Monday, October 12, 2009

No sleep tonight.

My roommate's boyfriend is over, which equals profuse amounts of kissing in the bed below me. Normally doesn't bother me, but I know something more is happening. So, in order to avoid the obvious awkwardness, I went outside, smoked a cigarette, and have decided that sleeping on the couch would be best this evening. Sucks that now it's 4am, and I have yet to get any sleep.

My life is beginning to piece itself back into place, which is a nice change of pace considering how much of a struggle it has been to focus. There's so many things I don't miss about my freshman year, but one thing I would kill to have back is my drive. My desire. My want to surpass all and achieve the impossible. I feel like I'm settling for less than what I'm worth. Not in relationships or anything, just in my academics. French is kicking my ass, though truthfully I expected that; foreign languages and I never got along very well. Orgo isn't too terrible, really. I think I got about a 75 on the first exam, though we'll find out a solid number tomorrow if Gierasch pulled through with grading. We shall see.

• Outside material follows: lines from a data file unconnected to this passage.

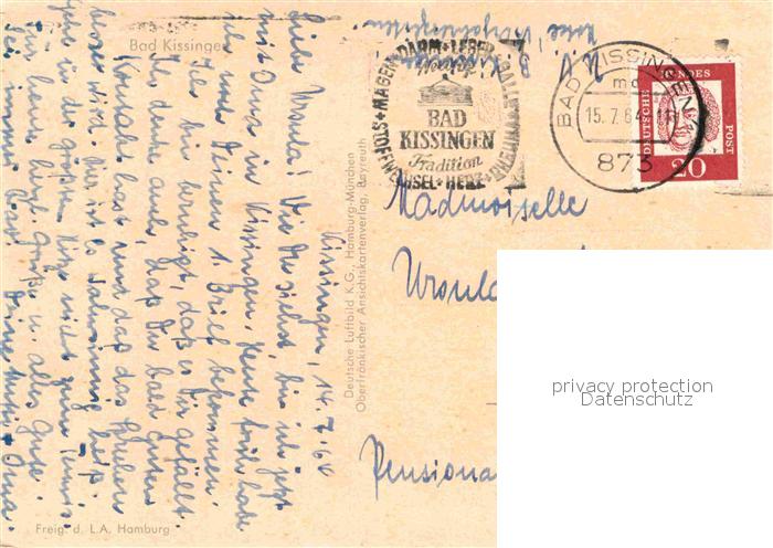 72716965 alte Postkarte Bad Kissingen Kurhotel Park Fliegeraufnahme postalisch gelaufen Erhaltung siehe scans [FriedD77] KatCode: 11110009672114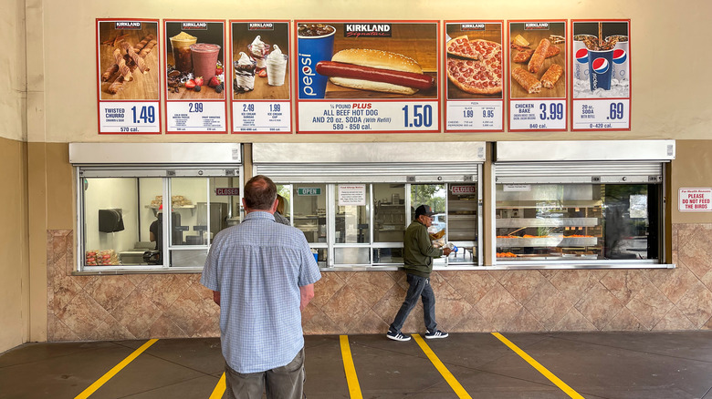 If your local Costco has an outside food court, just walk right up to the window and place your order, no questions asked. If you're visiting a Costco with an inside food court, it's likely you'll need to enter through the exit to find that glorious display of cheap eats. If there's any doubt though, just ask a Costco employee at the door. They'll be glad to point you in the right direction — card or no card.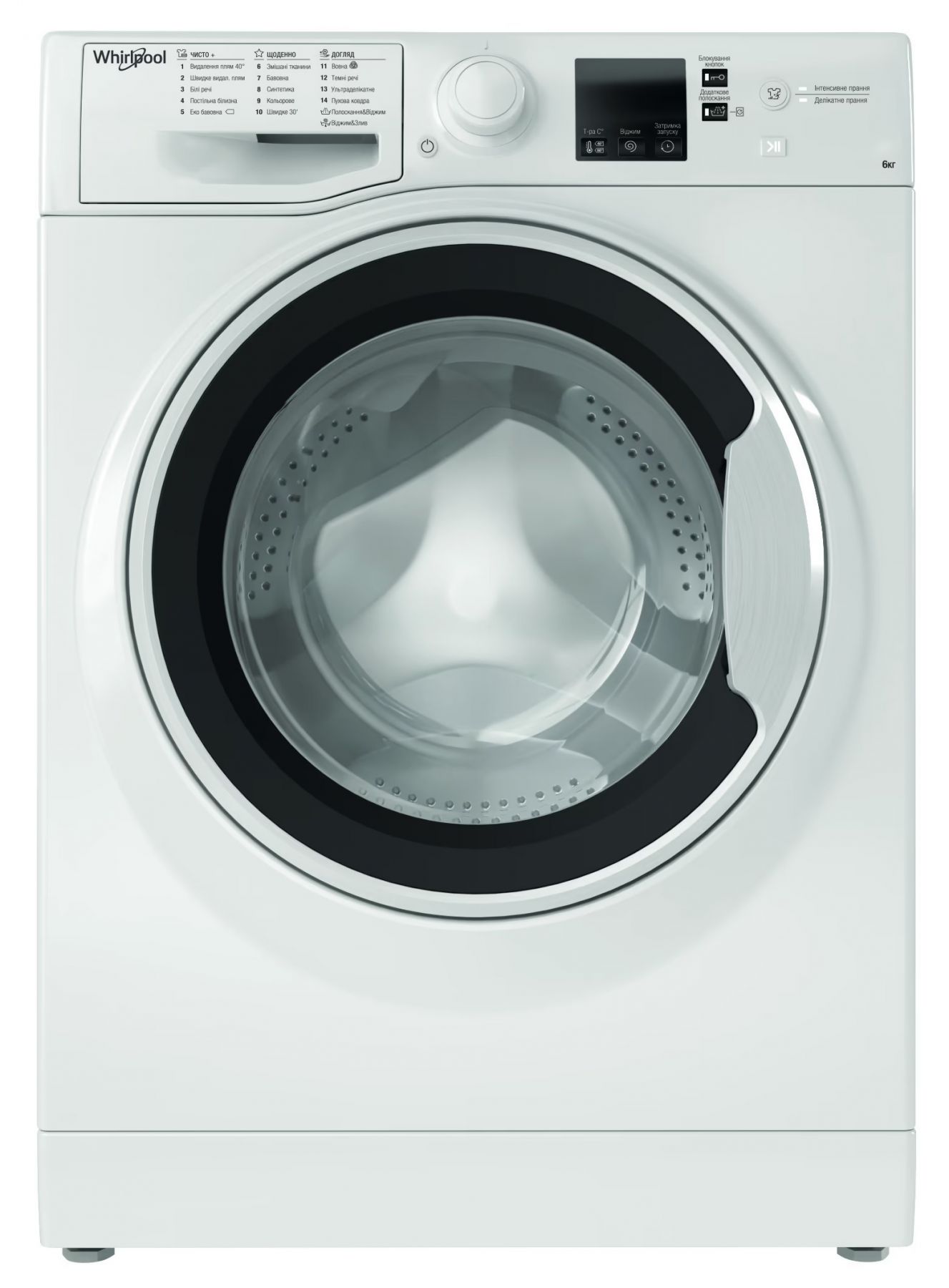 Вузька пральна машина Whirlpool WRBSS 6239 W UA з фронтальним завантаженням - 6 кг. Клас енергоспоживання A+++. Швидкий та енергоефективний віджим зі швидкістю 1200 об./хв. Спеціальні програми в моделі WRBSS 6239 W UA: пух/перо, ковдра, швидка 30-хвилинна програма, біла білизна, темна білизна, кольорова білизна. Додаткові функції: відкладений старт, додаткове полоскання, очищення, вибір температури прання і швидкості віджимання. Ця пральна машина Whirlpool оснащена системою блокування від дітей для запобігання випадкового використання цього приладу дітьми.

And I actually enjoy orgo lab. The experiments are pretty interesting, and I've got awesome hood partners. Oh and playing with chemicals has always been a hobby of mine...plenty of places online to get lovely compounds that when mixed together with a fuse go "BOOM!"

Guess I should try and sleep now...this couch is pretty fucking comfortable.

Hope all of you (the few, that is) that read this are faring well in life. Take care.